Let us consider a linear system of equations of the form: $$ Ax = b, $$ where $A \in \mathbb{R}^{m\times n}$ and $b \in \mathbb{R}^m$. Such a linear system naturally arises in many fields of applications. In particular, if $m < n$ and $A$ is full-rank, the system allows infinitely many solutions.
Often, among infinitely many solutions, one seeks to find the minimum norm solution. That is, $$ \min_x \|x\| \quad \text{subject to} \quad Ax=b. $$ If $\|\cdot\|$ is the standard Euclidean norm, the minimum norm solution is $A^{\dagger}b$, where $A^{\dagger}$ is the Moore-Penrose inverse of $A$.

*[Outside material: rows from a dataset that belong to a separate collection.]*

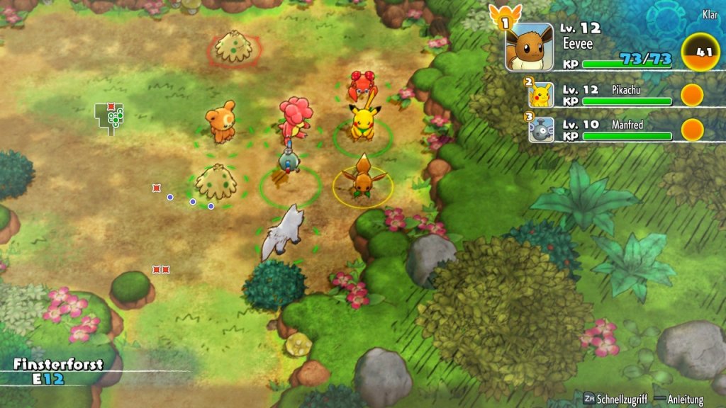 Hier hat sich im Vergleich zum Original in jedem Fall die KI der Mitstreiter verbessert. Mein Partner-Pokémon Pikachu bewegt sich um einiges sicherer und überlegter durch die dunklen Dungeons. Er läuft in Position, nutzt Fernangriffe und kann uns im Notfall auch eine heilende Sinelbeere reinschieben. Das war früher noch etwas anders. In Retterteam Rot und Blau schossen unsere Partner gerne einmal einen Flammenwurf ins Leere und spamten neu erlernte Status-Moves. Das führte soweit, dass es sogar eine Möglichkeit gab, bestimmten Attacken komplett auszuschalten.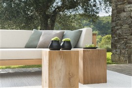 Masivní teakový stolek s přirozenou strukturou.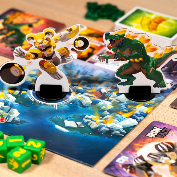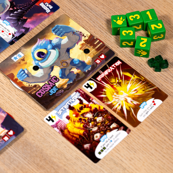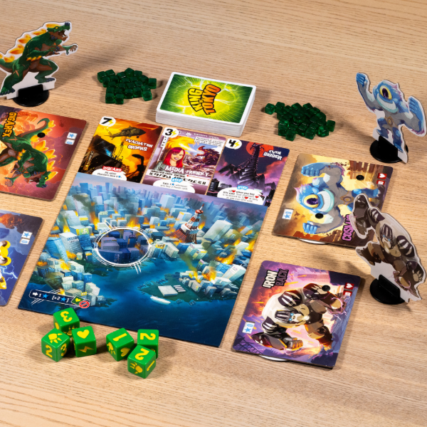 En un turno, tira seis dados con los siguientes seis símbolos: 1, 2 o 3 puntos, energía, curación y ataque. En tres tiradas consecutivas, elige si conservar o descartar cada dado para ganar puntos, ganar energía, recuperar salud o atacar a otros jugadores. Al atacar, si estás fuera de Tokio, golpeas a quien esté en Tokio; si estás en Tokio, ¡golpeas a todos los demás! Si la salud de alguien baja a 0, queda fuera de la partida. (No puedes curarte mientras estás en Tokio, y la única forma de salir de la ciudad es que alguien te ataque... lo que podría ponerte al borde de la muerte).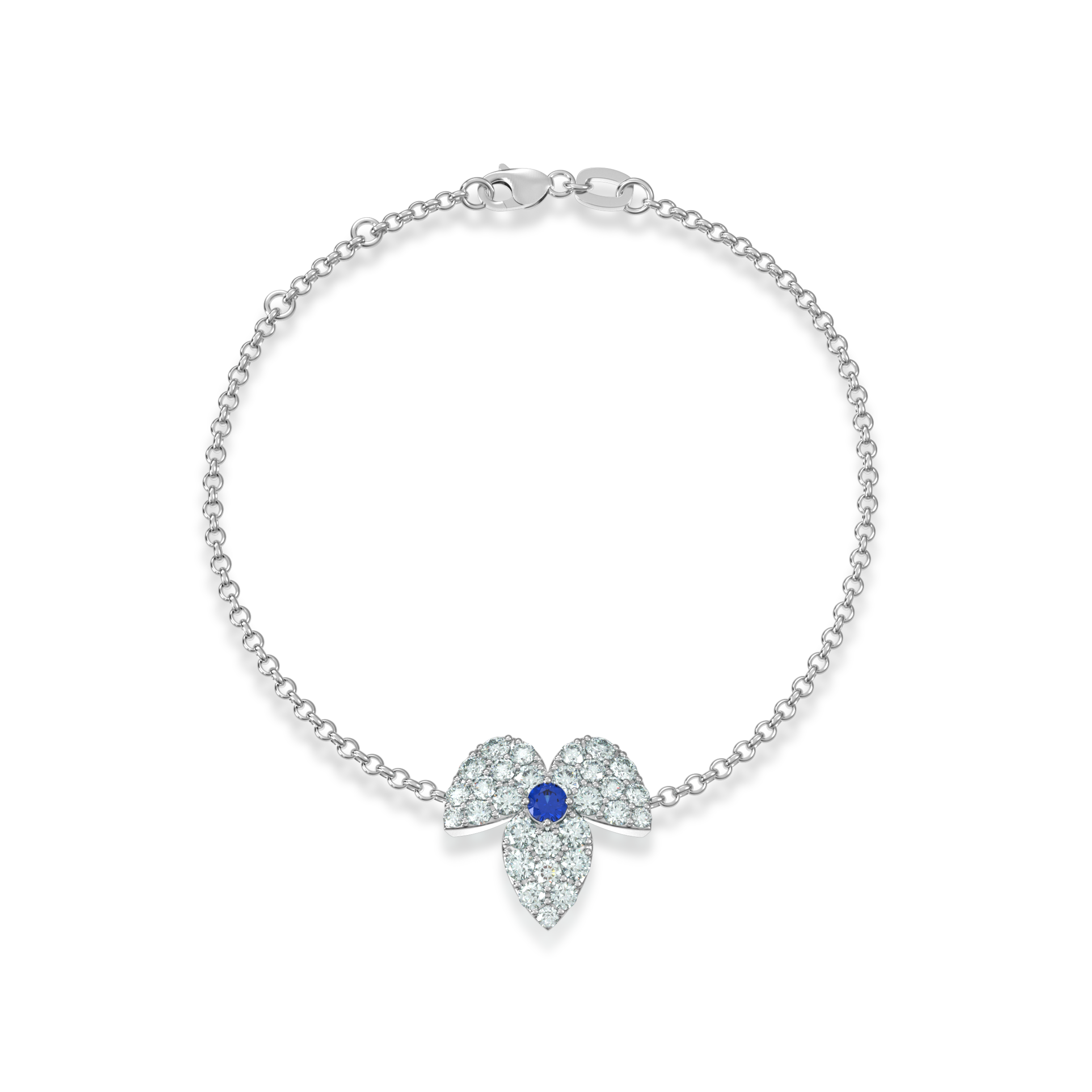 The LUNÈA diamond bracelet features a shimmering line of traceable diamonds, highlighted by a vivid blue sapphire at its center.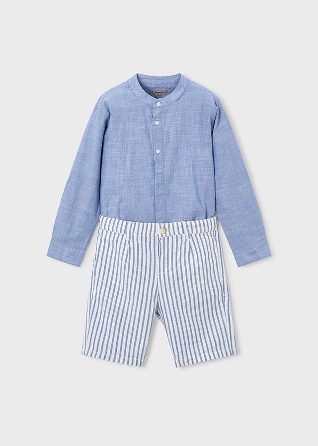 Muy elegante conjunto de vestir para niño de la firma Mayoral, compuesto por camisa de cuello mao en color azul cuello mao y abotonada hasta medio pecho, se completa con bermuda de vestir confeccionada en tejido de lino de rayas, tiene cinturilla ajustable con goma botonera.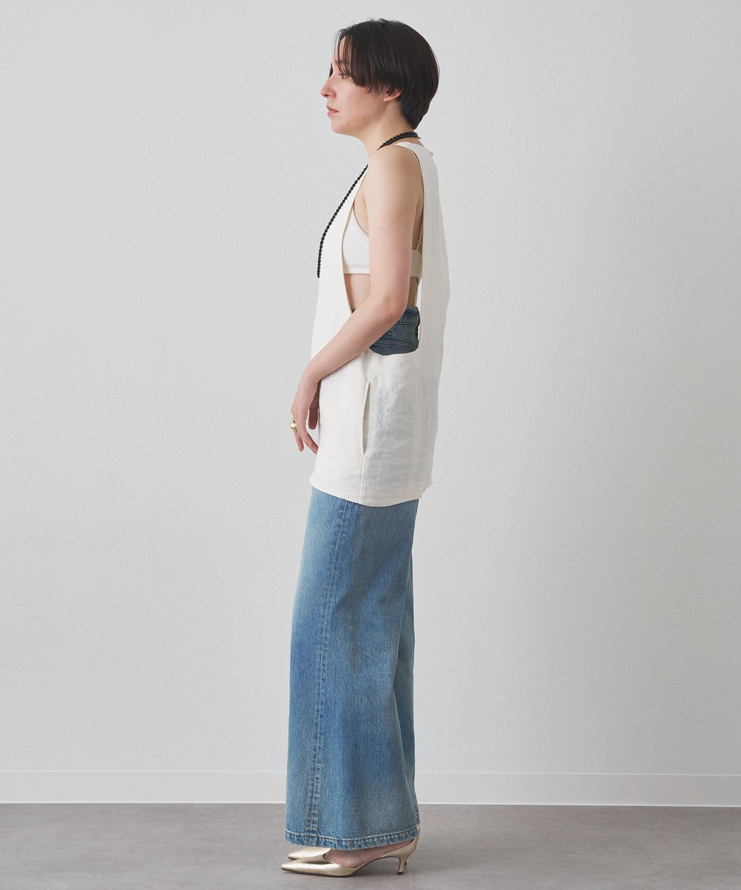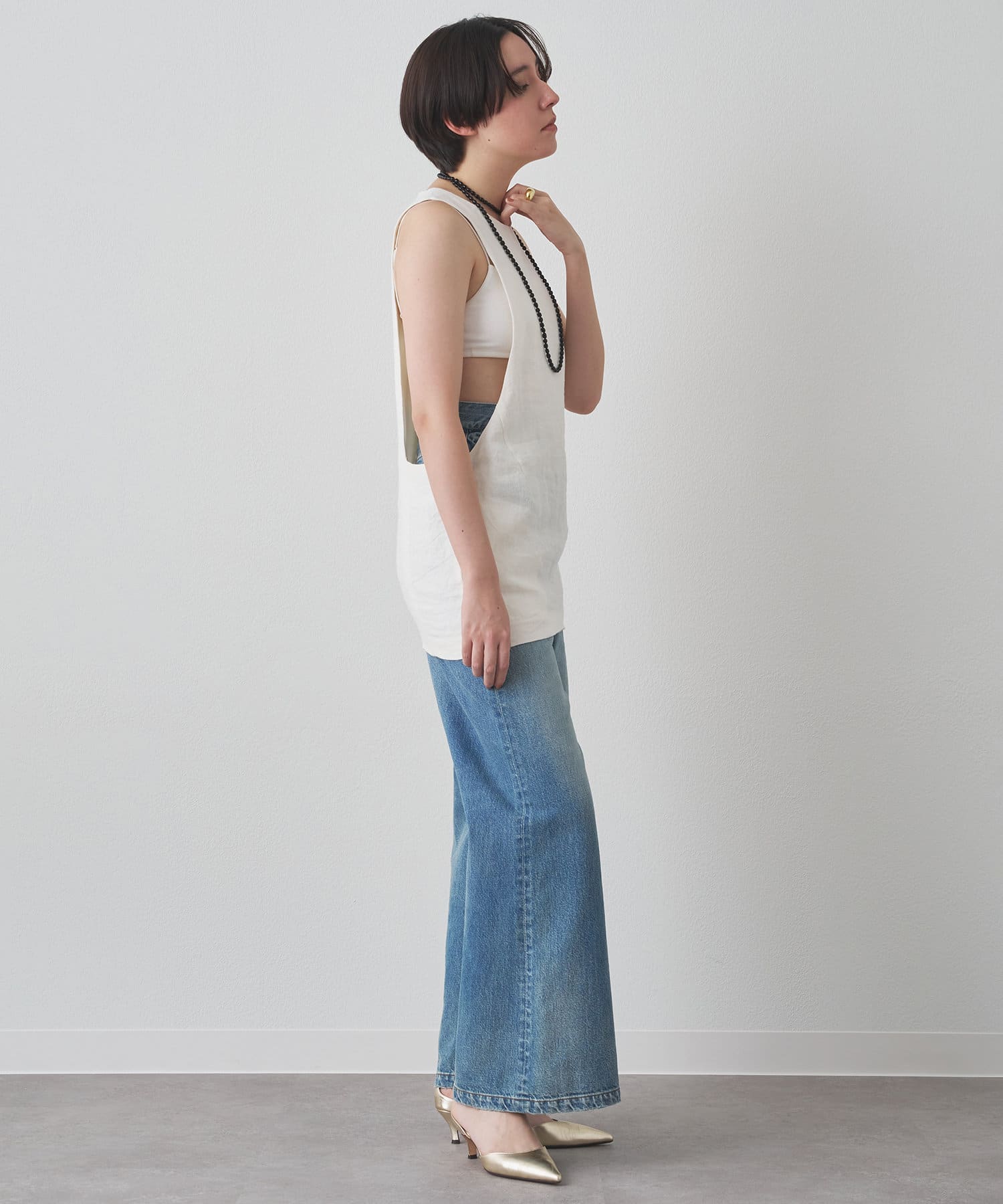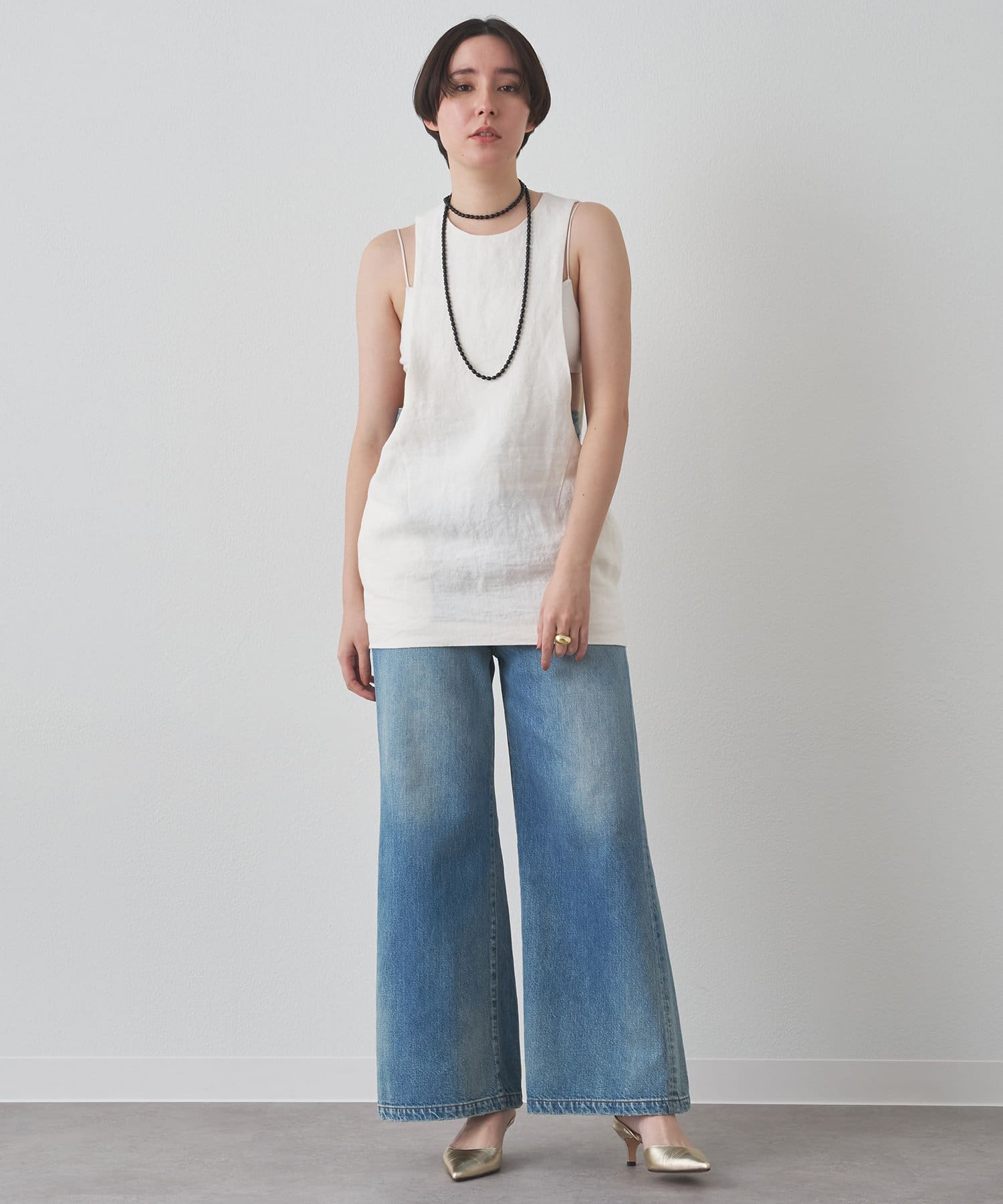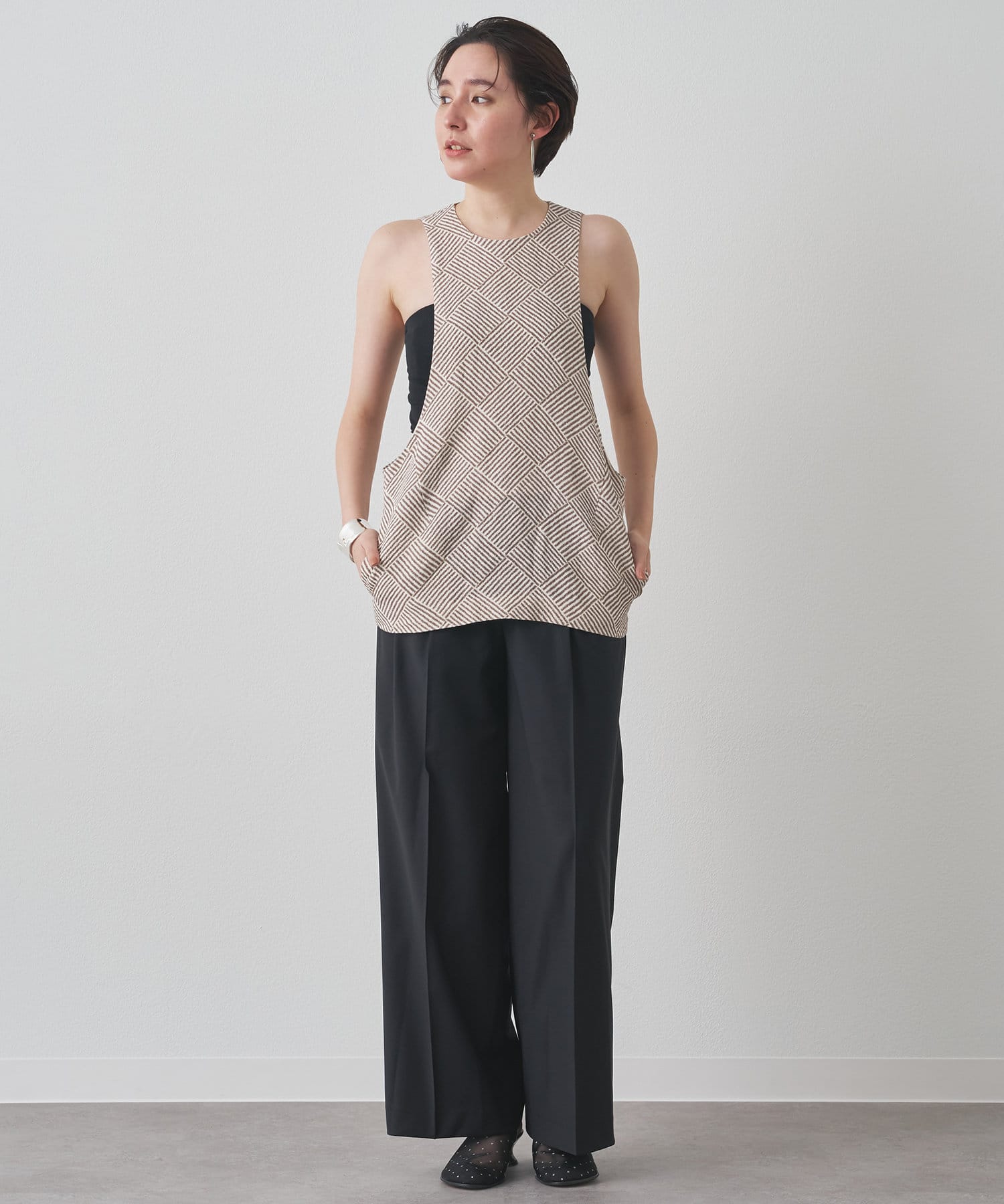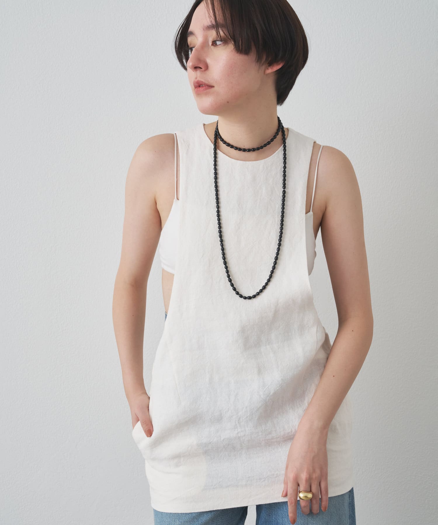 ■チュニック丈のプルオーバーなので、どんなボトムとも合わせやすい。

I am wondering if there is any convincing reason why one should look for the minimum norm solution in general. I understand that the nature of the problem allows infinitely many solutions and one needs to select one of them (to solve the system). One possible reason I can think of is that the minimum norm solution might be easier to solve numerically (stable and robust). However, I cannot think of any other reasons.
Also, it is easy to see from many different fields (especially along with the optimization problem), people use regularization terms in order to control the norm of the variables of interests. For example, $$ \min_x F(x), \quad F(x) = \|Ax- b\|^2 + \lambda \|x\|^2, $$ which always has a unique solution for any $\lambda > 0$. This is also somehow looking for the minimum norm solution. I think there is some universality in this approach, however, I cannot see it at the moment.
Any insights, answers, or comments will be very appreciated. Thanks!